### EXERCISE OBJECTIVE
What is needed is an exact copy of the listing, with no pictures in it.

### DATASET EXTRACT
════
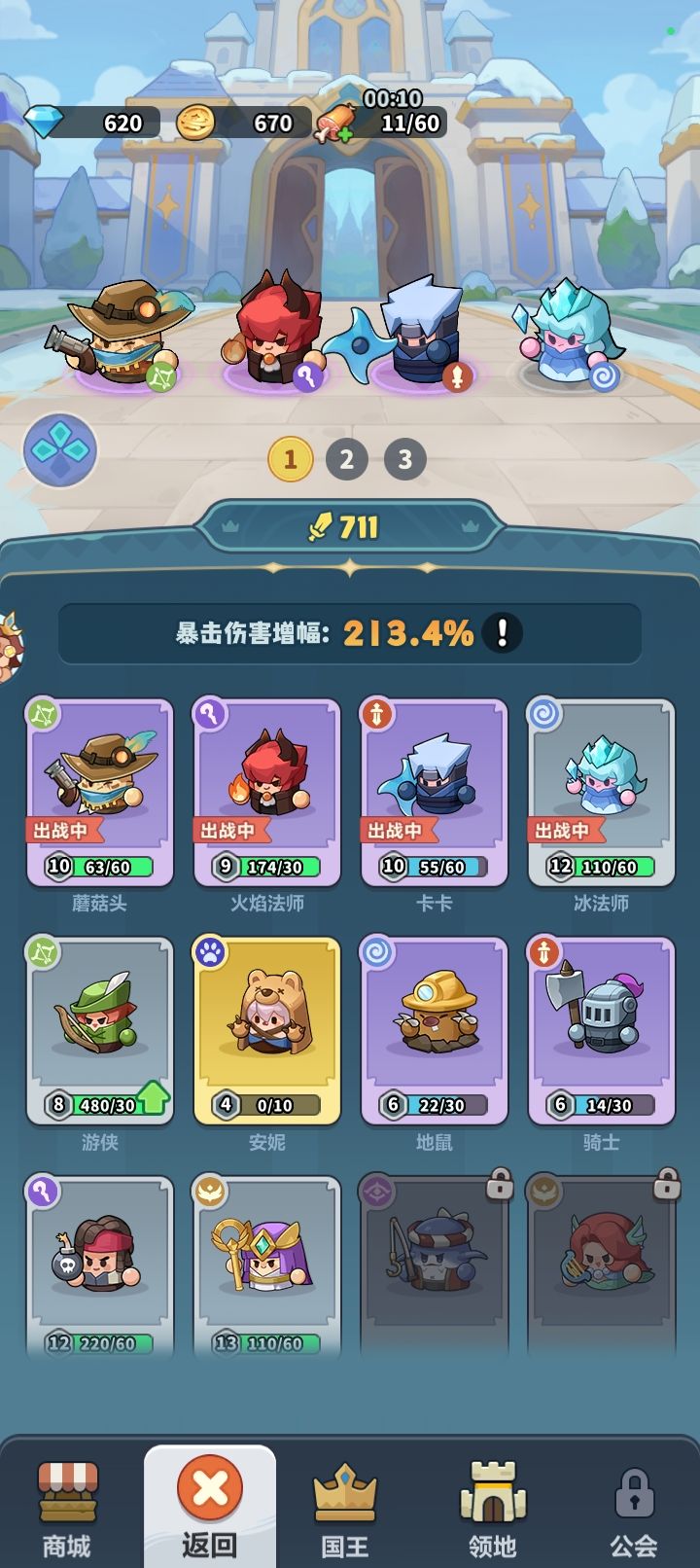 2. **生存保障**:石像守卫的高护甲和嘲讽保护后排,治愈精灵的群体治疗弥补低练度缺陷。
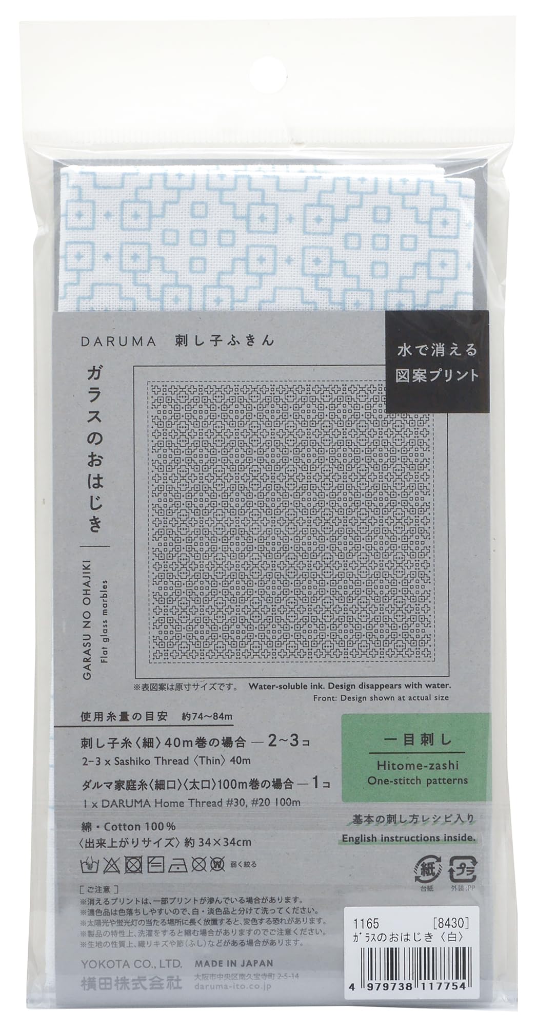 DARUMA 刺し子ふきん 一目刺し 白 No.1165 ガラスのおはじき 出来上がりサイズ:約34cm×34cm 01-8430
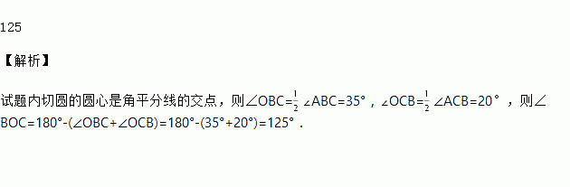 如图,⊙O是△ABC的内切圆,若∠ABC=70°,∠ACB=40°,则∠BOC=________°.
════
### RESPONSE TO THE EXERCISE
 2. **生存保障**:石像守卫的高护甲和嘲讽保护后排,治愈精灵的群体治疗弥补低练度缺陷。
 DARUMA 刺し子ふきん 一目刺し 白 No.1165 ガラスのおはじき 出来上がりサイズ:約34cm×34cm 01-8430
 如图,⊙O是△ABC的内切圆,若∠ABC=70°,∠ACB=40°,则∠BOC=________°.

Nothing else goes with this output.